Symbolic capital, tension, and tempo — the three tenets of understanding the why behind human behavior.

Summary: There’s no other methodology that enables the identification symbolic capital (an intangible resource that grants one power, prestige, privilege etc.), the understanding of the tensions between different forms of symbolic capital, and the calculation of tempo (rate of change and exchange of capital).

We define symbolic capital as a resource that is acquired by exhibiting or drawing on particular forms of knowledge, competencies or skills and interpersonal relationships that, like money, provide access to things. These intangible forms of capital can be converted into other intangible but valuable assets, such as prestige, honor, privilege and acceptance into a particular community and beyond (which, in turn, can also translate into actual capital, that is, money).
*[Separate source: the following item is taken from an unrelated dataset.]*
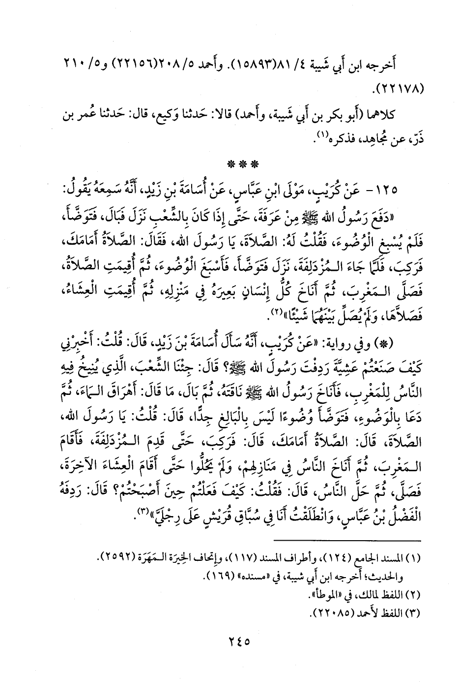 ١٢٥ - عن كُريب مولى ابن عباس، عن أُسامة بن زيد، أنه سمعه يقول:

A university education is perhaps the most obvious manifestation of this. Irrespective of the fact that you might have spent your university years hungover and skipping class, the mere fact of having somehow attained a university degree — especially if it’s from an elite US institution — will open certain doors for you based simply on the value that has been assigned to the degree itself. In other words, the symbolic capital you acquire may have little to do with what you actually learned and more to do with the way “university education” is understood and valued by society at large.

The premise of the 2001 rom-com Legally Blonde is a good example of this. Rejected by her longtime boyfriend because he perceives her as not being serious or smart enough (due largely to her blond hair!), the film’s protagonist Elle Woods takes on the challenge of being accepted to Harvard Law School as a way of “proving” him wrong. Despite the plot twists in the rest of the movie (that confirm Elle’s actual intelligence), this framing of Harvard Law School as synonymous with intelligence and responsibility is what symbolic capital is all about: the meanings that society attaches to certain ideas, practices or beliefs that then become access points to honor, prestige or power.

Tension refers to the power struggle that inevitably exists between different forms of symbolic capital within the context of a culture or marketplace. For example, a Harvard education carries with it two opposing forms of symbolic capital. One that points to the idea of intelligence and responsibility in a positive sense and the other that points to the idea of elitism and exclusion. These are both forms of symbolic capital that provide people with opportunities to gain power, prestige, and acceptance, but obviously in different social and contextual settings. Understanding and quantifying this tension is critical to our understanding of culture and our ability to predict the future of a culture (as there will eventually be a winner or the creation of a new form of symbolic capital that will aim to revolve the existing tensions).

In our modern world of digital connectedness, information travels at breakneck speeds and people communicate with each other like never before in human history. As a result, the tempo of culture (of the nuances and meanings that people assign to the world around them) is highly variable. When transposed into the marketplace, this means that consumer trends are in a constant state of flux. One only has to think of the dramatic fluctuations in the “green” household cleaning industry, which was virtually unknown about a decade ago but then exploded on the market as sales of eco-friendly, natural and organic cleaning alternatives more than doubled from $303 million in 2007 to $640 million in 2011.50 This boom, however, was suddenly followed by a period of stagnation and even decline. In recent years, there has been another upward trend in green household cleaning products, primarily with mass-marketed brands such as Clorox Green Works or private label brands from giants such as Walmart, which introduced an all-natural line of affordable cleaning products in 2013 with huge success. Now, the global market for natural and plant-based household cleaners is projected to grow from $17.90 billion in 2017 to $27.83 billion by 2024.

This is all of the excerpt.